Deferred tax assets and liabilities consist of the following:
Year ended March 31,
2021 2020 2019
Deferred income tax assets
Net operating loss carry-forward $ 25,630  $ 21,913  $ 23,471 
Stock-based compensation 1,675  3,775  3,996 
Other 3,887  2,284  1,228 
Gross deferred income tax assets 31,192  27,972  28,695 
Valuation allowance (5,287) (15,977) (27,972)
Net deferred income tax assets 25,905  11,995  723 
Deferred income tax liabilities
Depreciation and amortization (2,627) (1,648) (678)
Intangibles and goodwill (10,315) (10,356) — 
Other —  —  (5)
Net deferred income tax assets / (liabilities) $ 12,963  $ (9) $ 40 
Fiscal year 2020 amounts recast for immaterial differences to match reported financial statements.
As of March 31, 2021, the Company had U.S. federal net operating loss (NOL) carryforwards of $87,341, state of approximately $35,722, Australia of approximately $6,399, and Israel of approximately $15,802. U.S. federal NOL of $77,902 and state NOLs expire between 2028 and 2037, and $9,439 of the U.S. federal NOL has an unlimited carryover period. Australia and Israel NOLs have unlimited carryover periods. Utilization of the NOLs in the U.S. are governed by Section 382 of the Internal Revenue Code of 1986, as amended (the “Code”), as well as similar state and foreign limitations that place limitations on the amount of NOLs able to be utilized following ownership changes. Due to the accumulation of annual allowances as of March 31, 2021, the U.S. NOLs are no longer subject to limitation. A valuation allowance of $5,287 is recorded against deferred tax assets as of March 31, 2021, of which $3,272 relates to non-U.S. locations with a history of losses, $417 for U.S. federal deferred tax assets, and $1,598 for state NOL carryforwards.
The Company’s income is subject to taxation in both the U.S. and foreign jurisdictions. Significant judgment is required in evaluating the Company’s tax positions and determining its provision for income taxes. The Company establishes liabilities for income tax-related uncertainties based on estimates of whether, and the extent to which, additional taxes will be due. These liabilities for tax contingencies are established when the Company believes that a tax position is not more likely than not sustainable. The Company adjusts these liabilities in light of changing facts and circumstances, such as the outcome of a tax audit or lapse of a statute of limitations. The provision for income taxes includes the impact of uncertain tax liabilities and changes in liabilities that are considered appropriate.

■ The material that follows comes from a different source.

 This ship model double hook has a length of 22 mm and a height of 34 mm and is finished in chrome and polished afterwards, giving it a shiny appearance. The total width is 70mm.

A reconciliation of the beginning and ending amounts of unrecognized tax benefits for the years ended March 31, 2021, 2020, and 2019 is as follows:
  2021 2020 2019
Balance at April 1 $ 787  $ 788  $ 838 
Additions for tax position of prior years 585  —  — 
Reductions for tax positions of prior years —  (1) (50)
Balance at March 31 $ 1,372  $ 787  $ 788 
Included in the net deferred tax assets balances at March 31, 2021, 2020, and 2019 on our Consolidated Balance Sheets are $1,372, $787, and $788, respectively, of unrecognized tax benefits, which would affect the annual effective tax rate if recognized. The Company recognized $23, $33, and $45 of expense for interest and penalties on uncertain income tax liabilities in income tax expense for the years ended March 31, 2021, 2020, and 2019, respectively. The Company does not expect the amount of unrecognized tax benefits to change significantly in the next twelve months.
The Company’s U.S. federal, state, and foreign income tax returns generally remain subject to examination for the tax years ended 2016 through 2021.